» **GOAL OF THE EXERCISE**: In full and exactly, reproduce the entries below, but omit the pictures.

** Opening SUPPLIED MATERIAL block **

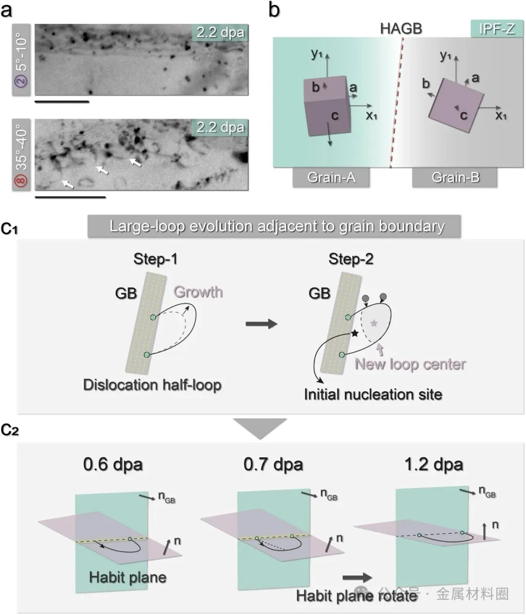 图2:系统研究了不同取向差晶界处位错环形核的辐照剂量窗口。图2a-c分别展示了取向差为1-5°、5-10°和10-15°的晶界附近位错环的原位演化过程,证实了形核阈值的存在。图2d总结了不同取向差晶界处位错环形核与辐照剂量的关系图,明确指出位错环在晶界处的形成不仅与取向差相关,也与辐照剂量紧密相关。
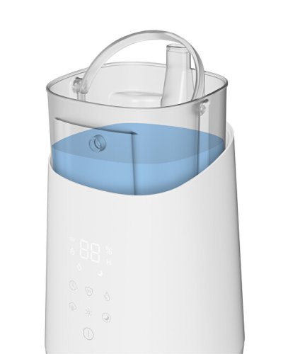 Multifunkčný 3 v 1 zvlhčovač vzduchu, ktorý kombinuje ultrazvukové zvlhčovanie, aromaterapiu a wellness osvetlenie pre zlepšenie kvality vzduchu a atmosféry vo vašej domácnosti. Vďaka integrovanému UV-C svetlu účinne redukuje baktérie vo vode, čím zaisťuje hygienickú prevádzku.
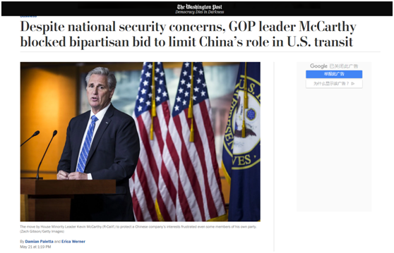 不过比亚迪比华为幸运的是,他不是一人孤身奋战。面对美国政府的“无理吵闹”就连自家人也看不下去了。美国众议院少数党领袖麦卡锡公开支持比亚迪,反对国会两党试图限制中国企业获得美国政府资金的运输系统合同订单。结果换来的是遭遇大量美国媒体的“集火”。
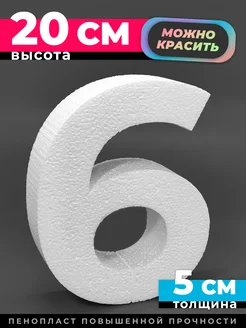Объемная цифра шесть (6) из пенопласта 20 см
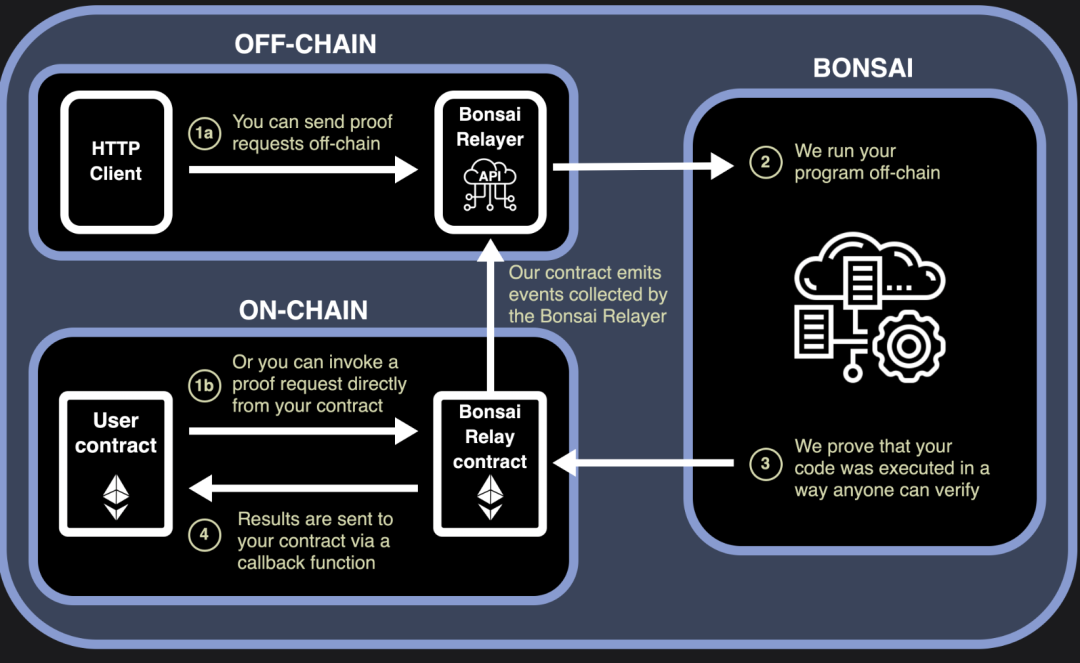Bonsai: 在2023年,RISC Zero发布了Bonsai,这是一个证明服务,允许链上和链下应用请求并接收zkVM证明。Bonsai是一个通用的零知识证明服务,允许任何链、任何协议和任何应用利用ZK证明。它具有高度并行性,可编程性和高性能。

** Closing SUPPLIED MATERIAL block **

» **COMPLETED EXERCISE**:
 图2:系统研究了不同取向差晶界处位错环形核的辐照剂量窗口。图2a-c分别展示了取向差为1-5°、5-10°和10-15°的晶界附近位错环的原位演化过程,证实了形核阈值的存在。图2d总结了不同取向差晶界处位错环形核与辐照剂量的关系图,明确指出位错环在晶界处的形成不仅与取向差相关,也与辐照剂量紧密相关。
 Multifunkčný 3 v 1 zvlhčovač vzduchu, ktorý kombinuje ultrazvukové zvlhčovanie, aromaterapiu a wellness osvetlenie pre zlepšenie kvality vzduchu a atmosféry vo vašej domácnosti. Vďaka integrovanému UV-C svetlu účinne redukuje baktérie vo vode, čím zaisťuje hygienickú prevádzku.
 不过比亚迪比华为幸运的是,他不是一人孤身奋战。面对美国政府的“无理吵闹”就连自家人也看不下去了。美国众议院少数党领袖麦卡锡公开支持比亚迪,反对国会两党试图限制中国企业获得美国政府资金的运输系统合同订单。结果换来的是遭遇大量美国媒体的“集火”。
Объемная цифра шесть (6) из пенопласта 20 см
Bonsai: 在2023年,RISC Zero发布了Bonsai,这是一个证明服务,允许链上和链下应用请求并接收zkVM证明。Bonsai是一个通用的零知识证明服务,允许任何链、任何协议和任何应用利用ZK证明。它具有高度并行性,可编程性和高性能。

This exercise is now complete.